Questions - OCR S2 - A-Level Maths

OCR S2 2005 June Q3

The random variable $X$ has a $\mathrm { B } ( 60,0.02 )$ distribution. Use an appropriate approximation to find $\mathrm { P } ( X \leqslant 2 )$.
The random variable $Y$ has a $\operatorname { Po } ( 30 )$ distribution. Use an appropriate approximation to find $\mathrm { P } ( Y \leqslant 38 )$.

OCR S2 2005 June Q4

4 The height of sweet pea plants grown in a nursery is a random variable. A random sample of 50 plants is measured and is found to have a mean height 1.72 m and variance $0.0967 \mathrm {~m} ^ { 2 }$.

Calculate an unbiased estimate for the population variance of the heights of sweet pea plants.
Hence test, at the $10 \%$ significance level, whether the mean height of sweet pea plants grown by the nursery is 1.8 m , stating your hypotheses clearly.

OCR S2 2005 June Q5

5 The random variable $W$ has the distribution $\mathbf { B } ( 30 , p )$.

Use the exact binomial distribution to calculate $\mathbf { P } ( W = 10 )$ when $p = 0.4$.
Find the range of values of $p$ for which you would expect that a normal distribution could be used as an approximation to the distribution of $W$.
Use a normal approximation to calculate $\mathrm { P } ( W = 10 )$ when $p = 0.4$.

OCR S2 2005 June Q6

6 A factory makes chocolates of different types. The proportion of milk chocolates made on any day is denoted by $p$. It is desired to test the null hypothesis $\mathrm { H } _ { 0 } : p = 0.8$ against the alternative hypothesis $\mathrm { H } _ { 1 } : p < 0.8$. The test consists of choosing a random sample of 25 chocolates. $\mathrm { H } _ { 0 }$ is rejected if the number of milk chocolates is $k$ or fewer. The test is carried out at a significance level as close to $5 \%$ as possible.
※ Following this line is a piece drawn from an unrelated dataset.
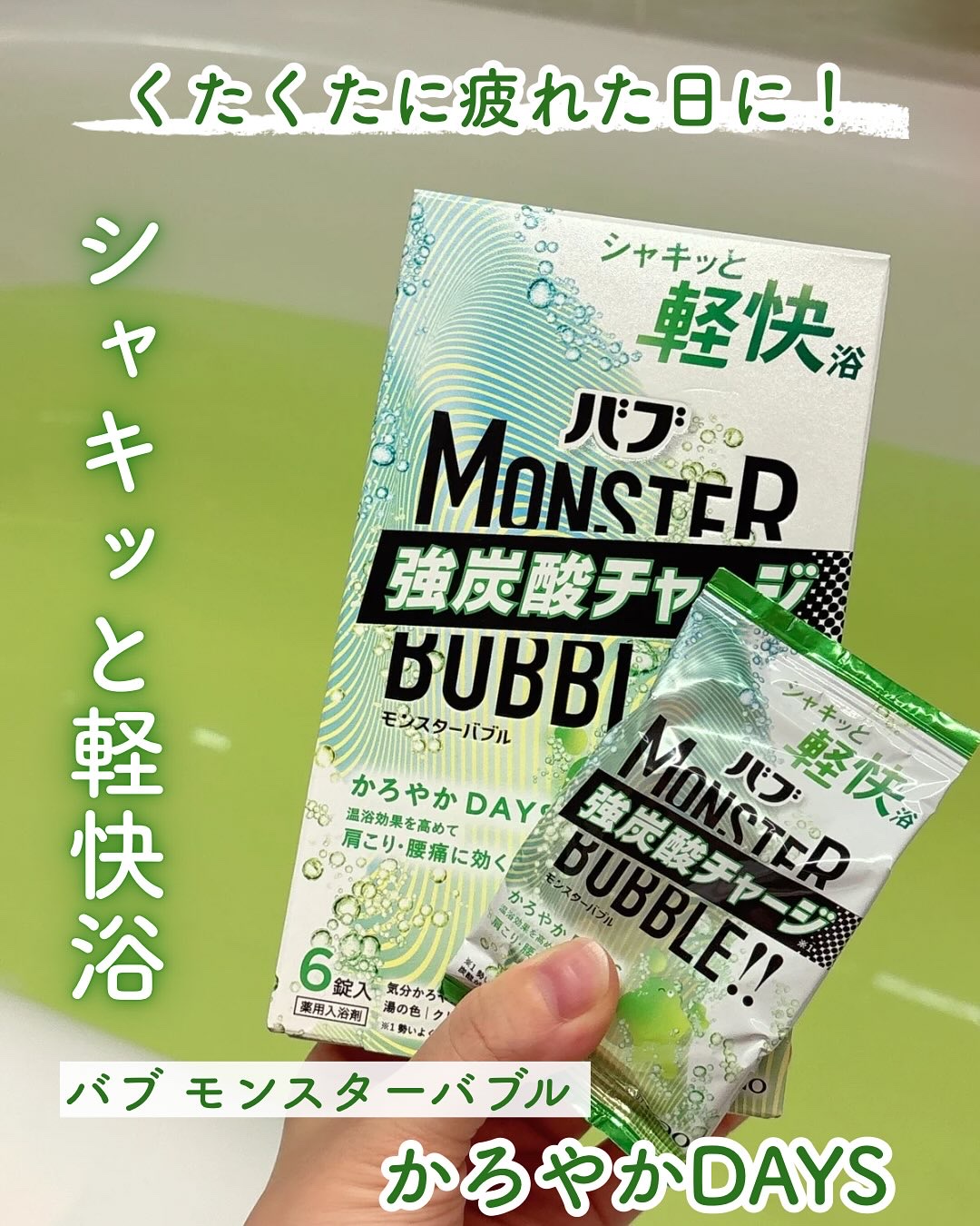 花王さまからいただきました。バブモンスターバブルかろやかDAYS強炭酸チャージ*で疲れた日にジュワッと気持ちいい!透き通るようなグリーンのお湯は色味も癒される〜🌱シャキッと軽快浴したいならバブ!*勢いよく発泡しながら、炭酸がお湯に溶け込むこと...

Use tables to find the value of $k$, giving the values of any relevant probabilities.
The test is carried out 20 times, and each time the value of $p$ is 0.8 . Each of the tests is independent of all the others. State the expected number of times that the test will result in rejection of the null hypothesis.
The test is carried out once. If in fact the value of $p$ is 0.6 , find the probability of rejecting $\mathrm { H } _ { 0 }$.
The test is carried out twice. Each time the value of $p$ is equally likely to be 0.8 or 0.6 . Find the probability that exactly one of the two tests results in rejection of the null hypothesis.

OCR S2 2005 June Q7

7 The continuous random variable $X$ has the probability density function shown in the diagram.
\includegraphics[max width=\textwidth, alt={}, center]{b69b1fe8-790d-4727-a892-8ab2ade08962-3_364_766_1229_699}

Find the value of the constant $k$.
Write down the mean of $X$, and use integration to find the variance of $X$.
Three observations of $X$ are made. Find the probability that $X < 9$ for all three observations.
The mean of 32 observations of $X$ is denoted by $\bar { X }$. State the approximate distribution of $\bar { X }$, giving its mean and variance. \section*{[Question 8 is printed overleaf.]}

OCR S2 2005 June Q8

8 In excavating an archaeological site, Roman coins are found scattered throughout the site.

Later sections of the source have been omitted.